Tie each issue to the downstream risk: broken trusted analysis, biased decisions, broken joins, stale dashboards, incorrect experiments, leakage, unreliable model features, or misleading segments. When possible, identify whether the issue is isolated to a source, segment, partition, time window, release, migration, backfill, or upstream pipeline change.
- Recommend fixes or automated tests.
Recommend the smallest set of follow-up fixes, monitoring, or automated tests that would materially reduce risk. Suggest automation only when the rule is stable and worth maintaining. Include or save the notebook/query path when code produced the findings.
Standards
Core Checks
- Completeness: null rate by column; null rate by partition, segment, and time bucket; unexpected empty strings or sentinel values; required-column population rate.
- Uniqueness: exact duplicate rows, duplicate primary keys, duplicate composite keys, and proportion unique for semi-unique fields such as emails or device IDs.
- Validity: type conformance after casting; format checks for IDs, emails, URLs,
enums, country codes, and timestamps; range checks for measures, percentages, counts, and dates; allowed-values checks for controlled vocabularies.
- Consistency: cross-field rule checks, units or currency consistency, status and timestamp alignment, and agreement between duplicated fields from different sources.
- Integrity: parent-child key coverage, orphan records, unexpected many-to-many joins, and broken slowly changing dimension joins.
- Timeliness: freshness lag from source event time to load time, freshness lag from load time to report time, missing recent partitions, and unexplained historical rewrites or backfills.

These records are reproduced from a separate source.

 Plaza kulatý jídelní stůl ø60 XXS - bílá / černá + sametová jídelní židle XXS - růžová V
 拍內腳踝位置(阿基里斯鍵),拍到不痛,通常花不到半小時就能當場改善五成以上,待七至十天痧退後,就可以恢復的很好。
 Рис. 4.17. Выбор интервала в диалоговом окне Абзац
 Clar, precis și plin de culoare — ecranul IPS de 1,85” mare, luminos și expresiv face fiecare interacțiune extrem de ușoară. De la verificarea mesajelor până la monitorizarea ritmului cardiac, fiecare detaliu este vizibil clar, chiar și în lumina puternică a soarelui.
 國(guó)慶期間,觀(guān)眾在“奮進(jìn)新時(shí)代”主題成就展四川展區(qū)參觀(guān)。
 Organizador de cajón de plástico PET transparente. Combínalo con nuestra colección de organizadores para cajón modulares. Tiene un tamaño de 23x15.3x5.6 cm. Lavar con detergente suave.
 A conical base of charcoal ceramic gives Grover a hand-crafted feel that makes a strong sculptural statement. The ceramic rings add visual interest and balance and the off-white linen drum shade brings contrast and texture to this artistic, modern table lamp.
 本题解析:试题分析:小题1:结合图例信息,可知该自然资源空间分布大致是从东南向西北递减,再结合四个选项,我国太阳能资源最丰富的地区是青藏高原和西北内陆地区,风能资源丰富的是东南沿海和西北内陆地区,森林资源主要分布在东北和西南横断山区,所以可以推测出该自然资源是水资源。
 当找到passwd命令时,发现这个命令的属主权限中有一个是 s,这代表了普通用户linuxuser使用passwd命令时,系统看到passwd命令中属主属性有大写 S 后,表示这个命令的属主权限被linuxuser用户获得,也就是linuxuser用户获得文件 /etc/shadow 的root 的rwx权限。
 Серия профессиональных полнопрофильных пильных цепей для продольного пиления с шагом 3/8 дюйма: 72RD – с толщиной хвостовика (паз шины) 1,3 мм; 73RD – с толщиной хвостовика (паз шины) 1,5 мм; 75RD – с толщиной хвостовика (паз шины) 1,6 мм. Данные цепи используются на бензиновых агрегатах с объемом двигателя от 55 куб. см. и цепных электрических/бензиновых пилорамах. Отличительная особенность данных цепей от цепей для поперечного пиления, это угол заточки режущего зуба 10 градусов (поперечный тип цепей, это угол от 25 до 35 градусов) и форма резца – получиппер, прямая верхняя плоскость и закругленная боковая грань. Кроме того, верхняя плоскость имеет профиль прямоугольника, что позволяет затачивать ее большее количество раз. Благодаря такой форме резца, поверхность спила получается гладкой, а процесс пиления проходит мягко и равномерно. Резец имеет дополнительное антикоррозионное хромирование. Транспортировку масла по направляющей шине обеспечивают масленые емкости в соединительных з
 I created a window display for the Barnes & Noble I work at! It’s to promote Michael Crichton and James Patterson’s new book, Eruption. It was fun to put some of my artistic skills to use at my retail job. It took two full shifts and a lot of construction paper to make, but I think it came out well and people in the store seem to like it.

- Volume and shape: row-count drift, distinct-count drift, distribution drift,
share-of-total drift for major categories, and new or disappeared categories.
Specific Check Guidance
- Duplicates and keys: check exact duplicates, primary key duplicates, composite key duplicates at the intended grain, and near-duplicates caused by whitespace,
casing, formatting, or late updates. Report count, share of affected rows, duplicated keys, and whether duplication is isolated to a time range, source, or segment.
- Missingness: distinguish acceptable sparsity from broken completeness. Check null rates over time, newly null columns after schema or pipeline changes, and sentinel values such as
'','unknown','n/a',0, or-1. - Domain validity: check malformed identifiers, country codes, timestamps,
impossible values, values outside allowed sets, and cross-field contradictions such as is_cancelled = false with a non-null cancelled_at.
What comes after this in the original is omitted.